Exercise instructions: Begin at the top of the records below and print each line exactly until the line containing "虎刺梅:别称铁海棠,是蔓生灌" has been printed; any pictures are to be left out.

- - - -

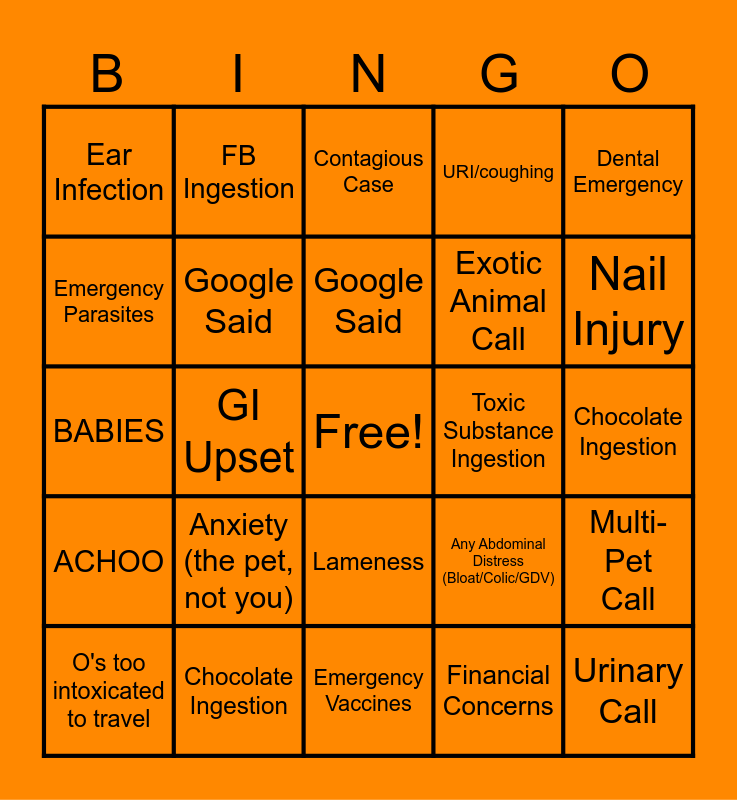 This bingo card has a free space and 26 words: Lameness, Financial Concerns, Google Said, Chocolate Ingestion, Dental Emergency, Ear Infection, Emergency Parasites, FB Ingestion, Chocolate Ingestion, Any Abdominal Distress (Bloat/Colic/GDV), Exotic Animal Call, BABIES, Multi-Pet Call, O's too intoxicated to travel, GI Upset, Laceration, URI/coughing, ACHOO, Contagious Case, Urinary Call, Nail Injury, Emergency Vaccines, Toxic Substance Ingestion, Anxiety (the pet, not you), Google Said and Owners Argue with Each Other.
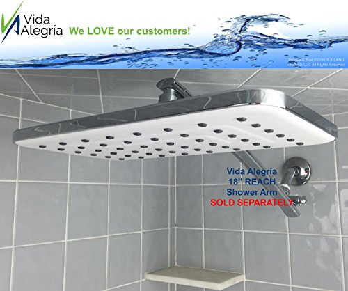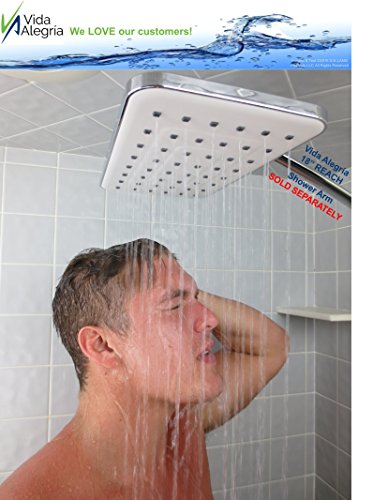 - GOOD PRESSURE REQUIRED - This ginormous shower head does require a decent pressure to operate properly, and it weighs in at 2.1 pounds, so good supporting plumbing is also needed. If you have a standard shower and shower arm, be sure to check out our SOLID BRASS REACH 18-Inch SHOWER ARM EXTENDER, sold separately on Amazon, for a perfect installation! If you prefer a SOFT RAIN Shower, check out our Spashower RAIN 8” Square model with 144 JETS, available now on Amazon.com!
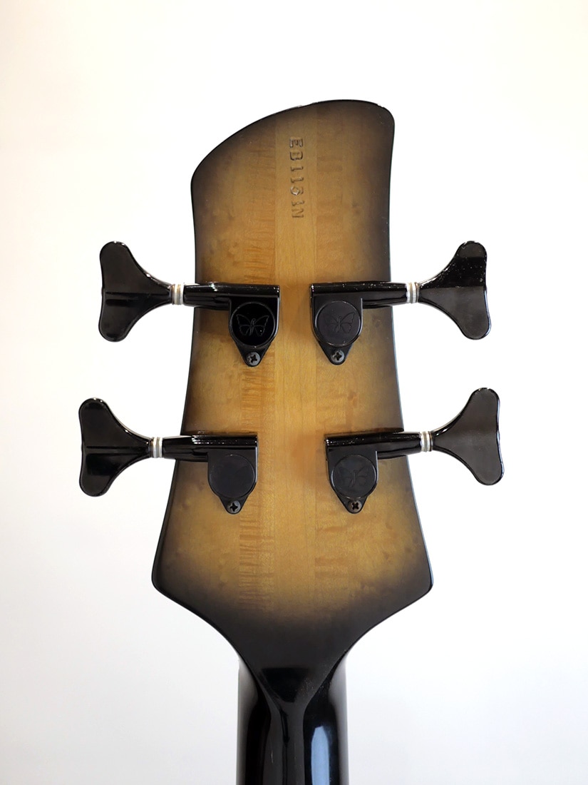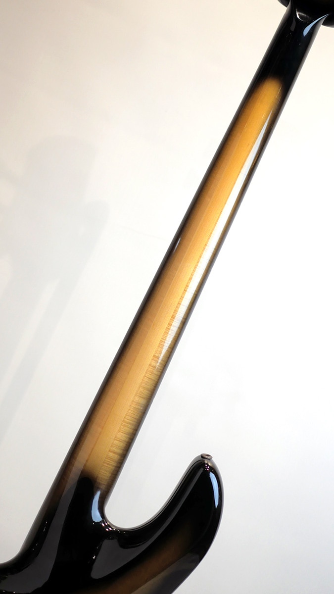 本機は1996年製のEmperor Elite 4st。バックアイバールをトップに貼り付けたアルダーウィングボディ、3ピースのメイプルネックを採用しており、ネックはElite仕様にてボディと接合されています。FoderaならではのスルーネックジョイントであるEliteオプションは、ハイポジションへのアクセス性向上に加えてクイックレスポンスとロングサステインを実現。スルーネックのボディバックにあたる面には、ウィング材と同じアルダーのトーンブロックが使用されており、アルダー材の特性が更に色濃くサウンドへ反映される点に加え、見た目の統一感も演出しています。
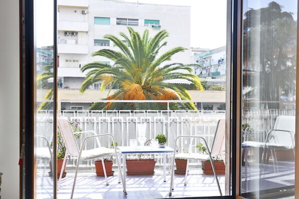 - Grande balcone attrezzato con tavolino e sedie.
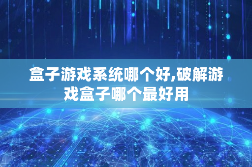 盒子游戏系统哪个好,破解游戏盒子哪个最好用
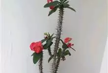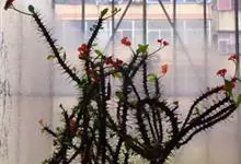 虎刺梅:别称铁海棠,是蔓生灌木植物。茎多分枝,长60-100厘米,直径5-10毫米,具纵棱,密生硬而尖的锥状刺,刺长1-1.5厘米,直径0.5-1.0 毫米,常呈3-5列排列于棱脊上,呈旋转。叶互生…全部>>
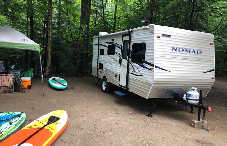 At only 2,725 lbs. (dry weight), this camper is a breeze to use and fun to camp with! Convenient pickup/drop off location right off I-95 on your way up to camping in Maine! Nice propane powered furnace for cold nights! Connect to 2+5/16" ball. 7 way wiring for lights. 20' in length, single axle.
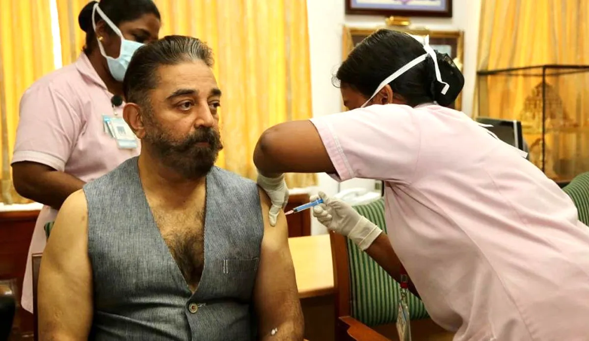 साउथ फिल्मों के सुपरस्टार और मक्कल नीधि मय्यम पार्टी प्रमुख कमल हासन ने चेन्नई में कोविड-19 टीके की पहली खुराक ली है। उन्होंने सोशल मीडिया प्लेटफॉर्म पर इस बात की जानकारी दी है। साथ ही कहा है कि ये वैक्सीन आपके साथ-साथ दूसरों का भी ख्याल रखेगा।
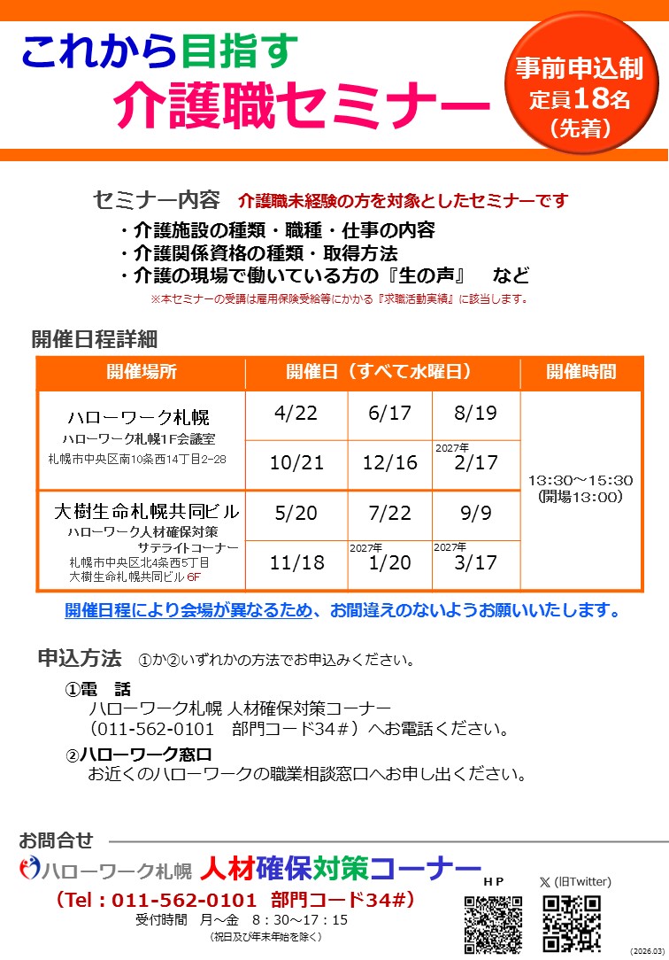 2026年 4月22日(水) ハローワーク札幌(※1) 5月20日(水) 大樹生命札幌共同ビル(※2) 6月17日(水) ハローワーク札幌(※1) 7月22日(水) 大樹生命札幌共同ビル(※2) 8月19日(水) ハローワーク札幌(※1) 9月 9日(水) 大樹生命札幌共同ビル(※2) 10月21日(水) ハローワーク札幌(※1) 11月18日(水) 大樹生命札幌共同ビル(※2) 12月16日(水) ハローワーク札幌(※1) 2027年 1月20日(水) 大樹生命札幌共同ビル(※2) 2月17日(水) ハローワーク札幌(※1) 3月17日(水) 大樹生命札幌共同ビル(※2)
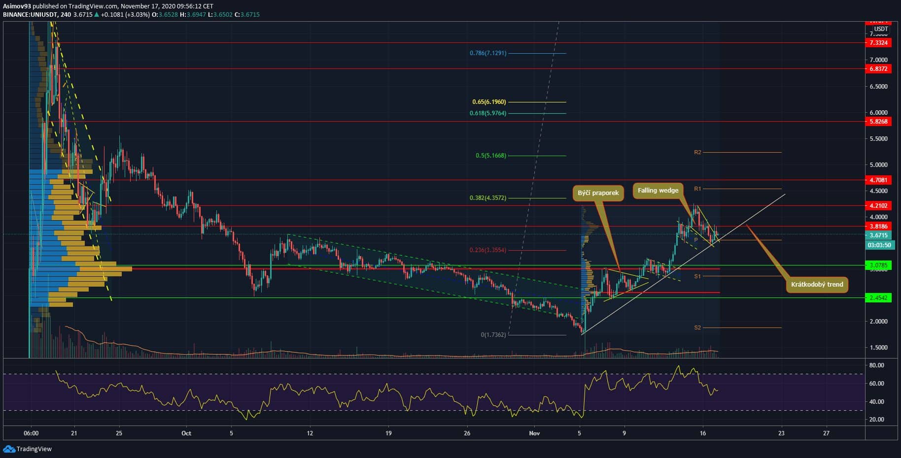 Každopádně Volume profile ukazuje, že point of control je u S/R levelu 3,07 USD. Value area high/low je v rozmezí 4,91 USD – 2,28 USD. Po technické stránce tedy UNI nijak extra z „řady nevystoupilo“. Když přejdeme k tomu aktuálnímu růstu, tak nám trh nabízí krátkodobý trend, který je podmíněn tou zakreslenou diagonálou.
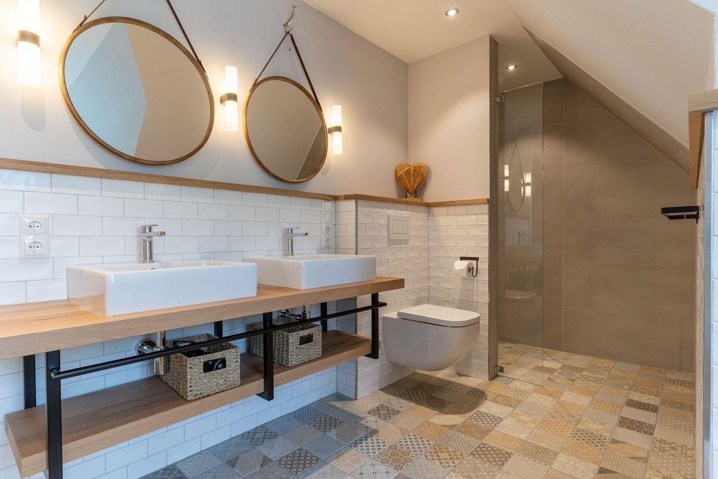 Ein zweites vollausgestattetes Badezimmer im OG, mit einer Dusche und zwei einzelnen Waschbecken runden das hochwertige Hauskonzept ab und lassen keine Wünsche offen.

- - - -

Answer to the problem:
 This bingo card has a free space and 26 words: Lameness, Financial Concerns, Google Said, Chocolate Ingestion, Dental Emergency, Ear Infection, Emergency Parasites, FB Ingestion, Chocolate Ingestion, Any Abdominal Distress (Bloat/Colic/GDV), Exotic Animal Call, BABIES, Multi-Pet Call, O's too intoxicated to travel, GI Upset, Laceration, URI/coughing, ACHOO, Contagious Case, Urinary Call, Nail Injury, Emergency Vaccines, Toxic Substance Ingestion, Anxiety (the pet, not you), Google Said and Owners Argue with Each Other.
 - GOOD PRESSURE REQUIRED - This ginormous shower head does require a decent pressure to operate properly, and it weighs in at 2.1 pounds, so good supporting plumbing is also needed. If you have a standard shower and shower arm, be sure to check out our SOLID BRASS REACH 18-Inch SHOWER ARM EXTENDER, sold separately on Amazon, for a perfect installation! If you prefer a SOFT RAIN Shower, check out our Spashower RAIN 8” Square model with 144 JETS, available now on Amazon.com!
 本機は1996年製のEmperor Elite 4st。バックアイバールをトップに貼り付けたアルダーウィングボディ、3ピースのメイプルネックを採用しており、ネックはElite仕様にてボディと接合されています。FoderaならではのスルーネックジョイントであるEliteオプションは、ハイポジションへのアクセス性向上に加えてクイックレスポンスとロングサステインを実現。スルーネックのボディバックにあたる面には、ウィング材と同じアルダーのトーンブロックが使用されており、アルダー材の特性が更に色濃くサウンドへ反映される点に加え、見た目の統一感も演出しています。
 - Grande balcone attrezzato con tavolino e sedie.
 盒子游戏系统哪个好,破解游戏盒子哪个最好用
 虎刺梅:别称铁海棠,是蔓生灌木植物。茎多分枝,长60-100厘米,直径5-10毫米,具纵棱,密生硬而尖的锥状刺,刺长1-1.5厘米,直径0.5-1.0 毫米,常呈3-5列排列于棱脊上,呈旋转。叶互生…全部>>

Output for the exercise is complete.